Derive a formula for the bullet speed v in terms of D, T, and a measured angle theta between the position of the hole in the first disk and that of the hole in the second. If required, use pi, not its numeric equivalent. Both of the holes lie at the same radial distance from the shaft. theta measures the angular displacement between the two holes; for instance, [itex]\theta = 0[/itex] means that the holes are in a line and [itex]\theta=\pi[/itex] means that when one hole is up, the other is down.

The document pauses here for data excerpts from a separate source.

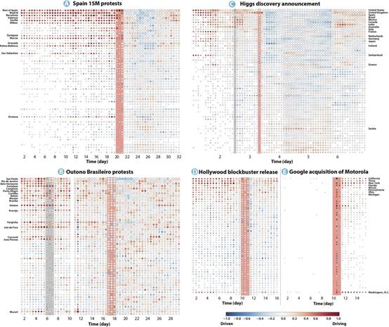 该方法可以捕捉到群体社会现象中出现的系统动力学,并对五组推特中来自五个知名社会事件的数据做了分析(好莱坞著名电影的发布、两个大规模的政治抗议、希格斯玻色子的发现、谷歌收购摩托罗拉)。文章中发掘出了两个尺度的相变:一是时间尺度(快或慢),标志着事件的产生;另一个是有向网络中不同的社会单元之间的影响力从无序到有序的相变;该项研究为在开源信息中获取社会事件的分析提供了一个很好的模型和预测算法。但是并不能和潜在的社会事件的预测混为一谈,只是提供了一个很好的技术帮助,比如网络变化节点的检测等。与此同时,这方法对如何在类似的社会事件中分析信息动力学的相变现象提供了有价值的帮助。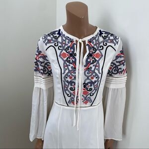 Parker Milly ivory embroidered long sleeves mini dress in size X small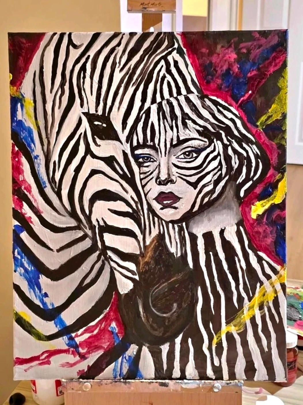 ZEBRA AND WOMAN ACRYLIC PAINTING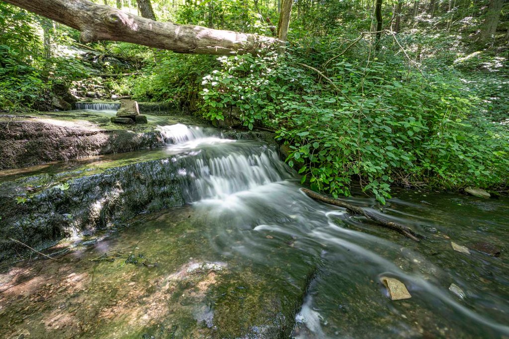wzdłuż strumyku z małym wodospadem…..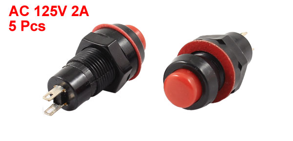 5 Pcs Red SPST Momentary Push Button Switch DS-211 AC 125V 2A 2P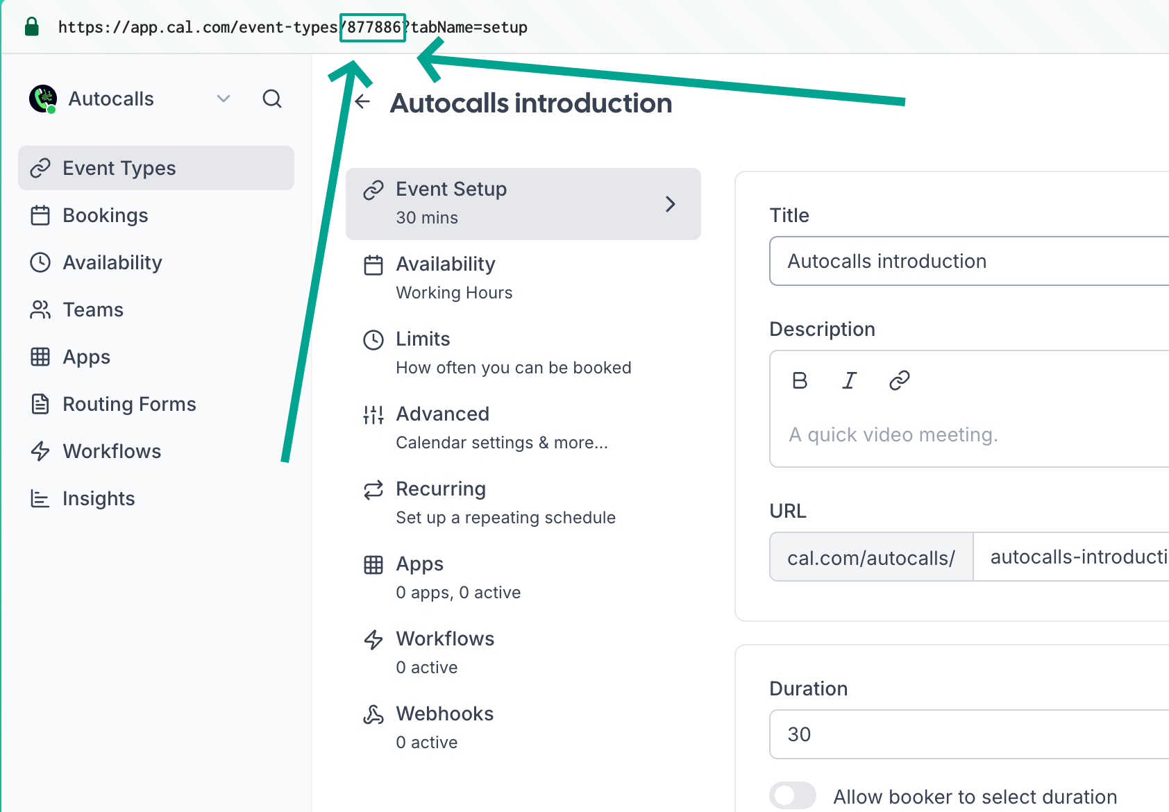 To include the caller’s phone number in calendar events:- Go to your event settings in Cal.com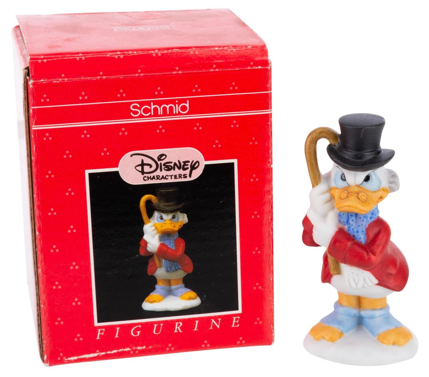 (Schmid, 1980s-90s) A hand-painted figurine of Scrooge McDuck as he appeared in"Mickey’s Christmas Carol." Standing 3" tall, the figurine is in fine condition in the original box.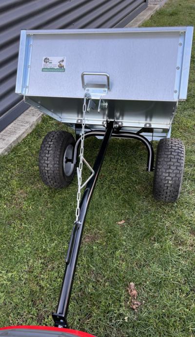 Edinstvena, robustna prikolica za vrtni traktor ali drugi stroj. Pocinkana, kiper in kar 300 kg nosilnosti, izpolni vsa pričakovanja.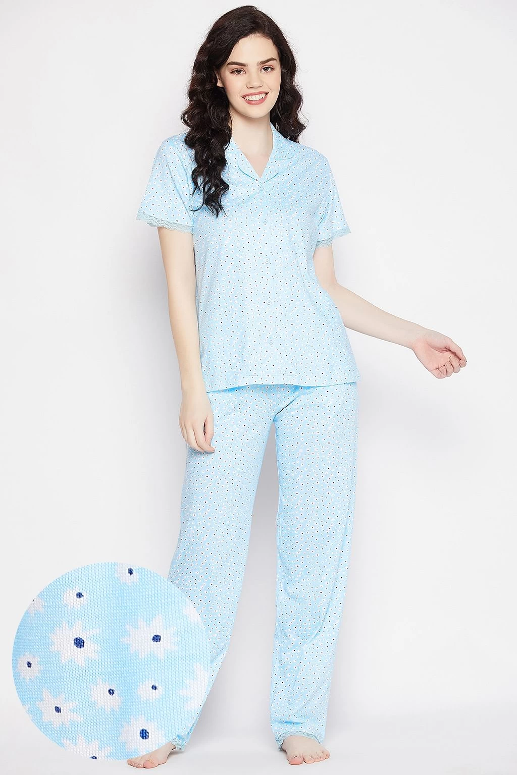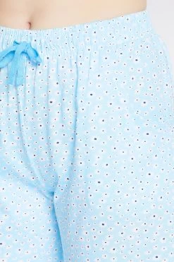 Pretty Florals Button Down Shirt & Pyjama Set In Sky Blue – Modal

Assume that the bullet must travel through the set of disks within a single revolution.
Homework Equations
[itex]\theta(radians) = \frac{s}{r}[/itex]
[itex]v = \frac{2{\pi}r}{T}[/itex]
where s is the arc length, r is the radius, and T is the period.
The Attempt at a Solution
I really do not know how to approach this problem. Nothing on circular motion has been covered in lecture and all I know about it is what I have read about it, which isn't much. Ideally, I assume the bullet will travel successfully through the disks in one revolution if both holes have the largest displacement (which would be if one is at its highest point and the other at its lowest, implying [itex]\theta = \pi[/itex].
Then:
[itex]\theta(radians) = \frac{s}{r}[/itex]
[itex]\theta = \pi[/itex]
[itex]\pi = \frac{s}{r} => r = \frac{\pi}{s}[/itex]
Now, to substitute this into equation 2:
[itex] v = \frac{2{\pi}r}{T} => \frac{2{\pi}(\frac{s}{{\pi}})}{T} => \frac{2s}{T}[/itex]
But I can't go any further than that, and in fact, I am quite doubtful that I am even on the correct path to solving this problem thus far. Any help? Thanks in advance.